To begin simply, Sharif has two choices. He can either take the logic of what he has done further, which will be a political risk, or allow the PPP to woo him back, which the latter has said it will do.
Let me stick my neck out and say that, objectively speaking, Sharif should exercise the option of returning to the fold rather than taking the present course to the tipping point. Here’s why.
Sharif has been circumspect, up until now, in dealing with the issue. There was no name-calling and no accusations at the press conference. The PPP has been equally mature. Prime Minister Yousaf Raza Gilani has refused to accept the resignations of the PMLN ministers; earlier, Asif Ali Zardari had said that he would request the prime minister to keep the portfolios open so their ministries could be returned to PMLN ministers.
The only ministry to get a new minister was to be finance. And that too because of the appropriations bill. Chances are that Gilani might ask Ishaq Dar, the PMLN finance minister, to continue even as other ministers do not, for now, attend to their ministries. If that happens, and if Sharif allows Dar to continue working, it would be the strongest signal that the rough the coalition has hit will not flatten it.
Even if that does not happen, as a rational political player, Sharif should be able to calculate the risks involved in opting out of the coalition. It would not do to simply stay out of the government and lend it issue-based support. That option he wanted to exercise earlier but could not because Zardari told him clearly enough that they will sink and swim together.
The other possibility of quitting the treasury altogether means some kind of linkage with the rejectionists — the All Parties Democratic Movement and the more stringent factions of the lawyers. That would mean supporting their agitational politics.
That would also mean forcing the PPP hand into making a bid for Punjab, Sharif’s stronghold. In case that happens, Punjab would actually become Sharif’s Achilles’ heel. Let it be said that while Sharif is prepared to get out of the federal cabinet on a moral stand, losing Punjab, even such a prospect, is a different ballgame altogether.
Moreover, while Sharif’s politics, up until now, has brought into convergence the morality of the issue and political expediency, as a rational political player he has to maximise his political advantage and therefore at some point the scales must begin to tip in favour of what is doable rather than what is desirable.
The MQM is already straining at the leash to join the federal cabinet. The PMLQ, which is enjoying the spectacle from the sidelines after having been clobbered, is unlikely to remain on the fence if and when the PPP needs it to save the presidency.
Sharif knows this. He also knows that he has been forced to do what he has done because of his rhetoric on the issue of restoring the judges. He may well have hit bottom and that only means bouncing back.
If he doesn’t opt out, very unlikely unless he throws everything to the wind, he will most probably let the PPP get on with the constitutional package it wants to put together.
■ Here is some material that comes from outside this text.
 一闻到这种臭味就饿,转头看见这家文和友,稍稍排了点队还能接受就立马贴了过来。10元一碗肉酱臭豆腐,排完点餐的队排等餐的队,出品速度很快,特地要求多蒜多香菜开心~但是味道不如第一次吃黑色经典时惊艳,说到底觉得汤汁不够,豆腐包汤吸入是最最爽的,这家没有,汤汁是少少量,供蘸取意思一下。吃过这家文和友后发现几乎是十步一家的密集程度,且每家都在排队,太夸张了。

Once that has happened, the PMLN could support it on the basis of the argument that it could not have stayed out of a process that led to the restoration of judges.
It can make cautious noises about the PMLN’s inability to get the judges restored through a parliamentary resolution and an executive order but it has a good excuse: it doesn’t have the headcount to do so and it has done whatever could be done to pressure the senior coalition partner to fall in step. Since that was not to be, it had to choose between “all or nothing” and one being impossible and the other impractical, it would go for what can be salvaged.
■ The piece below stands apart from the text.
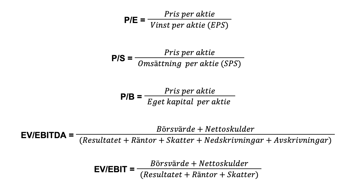 Det finns en uppsjö av olika nyckeltal och multiplar som kan vara användbara beroende på vilket bolag som man väljer att analysera. Vanligt förekommande nyckeltal är P/E, P/S, P/B, EV/EBIT och EV/EBITDA. Kalkylerna för samtliga multiplar presenteras nedan: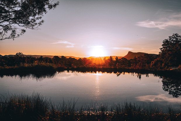 Shot on a family farm in Bogee, NSW, this image reflects the peaceful transition from day to night. The warm glow, still water, and distant peak come together to create a moment of rural stillness.

The PPP, for its part, realises that the pact it has with the other power centres is not a straightforward affair. Also, while the judges’ issue may have generated much heat, there is much else on the plate: terrorism, power shortages, food and oil crisis, etc. So it will do everything to keep the flock together.
Simultaneously, however, it has made arrangements for the alternative. If the worse comes to the worst, it would make a bid for Punjab. The postponement of the by-elections, and the cloak and dagger manner in which that was conducted, was primarily meant to keep Shahbaz Sharif out of the political arena until matters could be decided on the judges’ issue.
As matters stand, both parties have another month to take their respective positions. Chances are the PPP will try and push the constitutional package through as quickly as it can and see how the PMLN reacts to it. If the reaction is positive, everyone will gain; if not, we will have to fasten the seatbelts for rough weather.